2.244.963 votants : tel est le niveau de participation à la « votation citoyenne » sur La Poste, enregistré dans la soirée du 5 octobre, alors que les résultats continuent de remonter des comités locaux. Certes, ce référendum populaire auto-organisé par 30.000 militants d’une soixantaine d’organisations syndicales, associatives et politiques n’a aucune valeur juridique. Mais il illustre cependant le vaste mouvement social et d’opinion qui s’exprime en faveur du maintien de La Poste comme service public, avec toutes les missions qui en découlent : présence sur tout le territoire, péréquation tarifaire des services postaux, service bancaire accessible à chaque citoyen, priorité à la satisfaction de l’usager et non à la vente de produits commerciaux…

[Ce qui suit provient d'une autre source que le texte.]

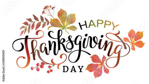 Thanksgiving Day festive lettering design with autumn plant elements. Celebration handwritten phrase Happy Thanksgiving for postcard, icon, logo or poster.

Les ténors de l’UMP n’ont pas tardé à monter au créneau. « C’est de la fausse démocratie, on bourre les urnes avec une information mensongère », tempête le sénateur UMP Jean-Pierre Raffarin pendant que le porte-parole du parti de Nicolas Sarkozy, Frédéric Lefebvre dénonce une « vaste manipulation ». Leur principal argument : pourquoi s’opposer à la privatisation alors que le projet de loi défendu par le ministre de l’Industrie Christian Estrosi ne la prévoirait pas. La question peut leur être retournée : pourquoi, dans ce cas, modifier le statut de La Poste, qui passerait du statut d’Etablissement public industriel à caractère commercial (EPIC) à celui de Société anonyme, si ce n’est pas pour la privatiser ? Toutes les anciennes entreprises publiques qui ont suivi ce processus, comme France Télécom, EDF ou GDF, ont été ensuite totalement ou partiellement livrées à l’implacable loi du marché.
« Nous sommes un peu déçus de ces réactions au ras des pâquerettes, ces gens sont envoyés en franc-tireur », réagit Nicolas Galepides, délégué syndical de Sud-PTT et porte-parole du comité organisateur du « référendum ». « Notre interlocuteur direct, c’est le Président de la République. Il n’y a que lui qui peut arrêter le projet de loi. » L’Elysée sera probablement aussi mis sous pression par les élus locaux UMP. Dans plusieurs départements ruraux, la participation à la « votation citoyenne » dépasse largement les capacités de mobilisation de la gauche militante.
Carte de la participation par régions, le 5 octobre au matin
En Lozère par exemple, dont le Conseil général est présidé par la majorité présidentielle et qui compte deux députés UMP, plus de 18% du corps électoral s’est rendu aux urnes improvisées. En Midi-Pyrénées, en Languedoc-Roussillon, dans le Limousin ou en Haute-Normandie, entre 7% et 10% de la population en âge de voter s’est exprimée contre le changement de statut. Avec plus de 20.000 votants dans l’Ardèche, l’Ariège, la Drôme ou l’Aveyron, et plus de 35.000 dans l’Aude ou le Tarn, nombre de notables locaux de l’UMP peuvent s’inquiéter d’un retour de bâton si la loi est votée. Etrangement, le pays des Ch’tis – Picardie et Nord-Pas-de-Calais – s’est peu mobilisé pour sauver l’agence postale et les facteurs de Bergues [1] : moins de 3% des électeurs se sont déplacés. Tout comme l’Alsace, région ancrée à droite, comme nous l’indique la carte de la participation, réalisée dans la matinée du 5 octobre. Ailleurs, le rapport entre participants et nombre d’habitants respecte grosso modo l’ordre démographique des régions, l’Île-de-France arrivant logiquement en tête avec largement plus de 300.000 participants, selon le dépouillement des résultats complémentaires.
Et maintenant ? La balle est dans le camp du gouvernement qui semble demeurer droit dans ses bottes néolibérales. Des rassemblements sont envisagés devant les permanences des députés des circonscriptions rurales de l’UMP. Le comité national contre la privatisation de La Poste est également en train de concocter son propre projet de loi pour garantir le caractère public et d’intérêt général de La Poste. Objectif : imposer l’organisation d’un référendum d’initiative populaire en recueillant la signature de 10% du corps électoral, soit 4,4 millions de personnes. « C’est complètement faisable », assure Nicolas Galepides. « Avec un budget de 5.000 euros, on a réuni 2,2 millions de personnes. C’est chaud bouillant partout ! » A suivre donc.